= Nishkulanand Swami =

Nishkulanand Swami (1766–1848) was a paramhansa and swami of the Swaminarayan Sampradaya.

== Biography ==
Nishkulanand Swami was born on 16 January 1766 to a Suthar family residing in a small village called Shekhpat, near Jamnagar, in present-day Gujarat, India. His parents were Rambhai and Amritbai, and he was named Lalji at birth. He grew up to be an expert at carpentry.

He became a follower of Swaminarayan after the passing of his Guru-preceptor Ramanand Swami.

It is said that when Swaminarayan wished to leave this world, he informed Nishkulanand Swami three days in advance and asked to prepare a palanquin for his bier. Nishkulanand Swami prepared it during night only. When he left the human body, all the other saints asked him to prepare a palanquin. He said, "It is ready" and brought it. Everyone asked him, "When he was alive, how did you prepare it?" He replied, "I am a heavy-hearted obedient servant. Any damn or any hard order may be, I must obey it."

He was a strong renunciant. In Swaminarayan Hinduism, Nishkulanand Swami is regarded as an ideal example of vairagya, or non-attachment to worldly objects. His name implies this "Nishkul" meaning one who is devoid of family (maya). His poetic creations displayed this intense sense of detachment. He died in VS 1904 at the age of 82 while residing in Dholera.

== Works ==

Nishkulanand Swami composed a scripture named Bhaktachintamani, which describes the life of Swaminarayan along with his sermons and his activities. He has also composed twenty two other scriptures on various subjects (Purshottam Prakash, Yamdanda, Dhirajakhyan, Chosathpadi, among others) which are compiled as Nishkulanand Kavya. He continued writing scriptures until his death. He was also a poet and composed many kirtans, or devotional songs, and poems.

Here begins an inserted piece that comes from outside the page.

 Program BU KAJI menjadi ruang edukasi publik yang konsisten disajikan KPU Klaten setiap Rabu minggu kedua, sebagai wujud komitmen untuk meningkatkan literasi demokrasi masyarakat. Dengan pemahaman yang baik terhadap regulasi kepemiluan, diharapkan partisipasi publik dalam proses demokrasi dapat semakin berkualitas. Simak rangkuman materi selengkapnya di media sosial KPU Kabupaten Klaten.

The swing with the twelve doors in the Vadtal Temple and the carved wooden doors in the inner temple of the Dholera Temple are a few of his works of art. In Gadhpur he used to display his artistic skills during Diwali celebrations by presenting decorative plants and trees adorned with kindling lights and lighted canopy to cover the seat of Swaminarayan.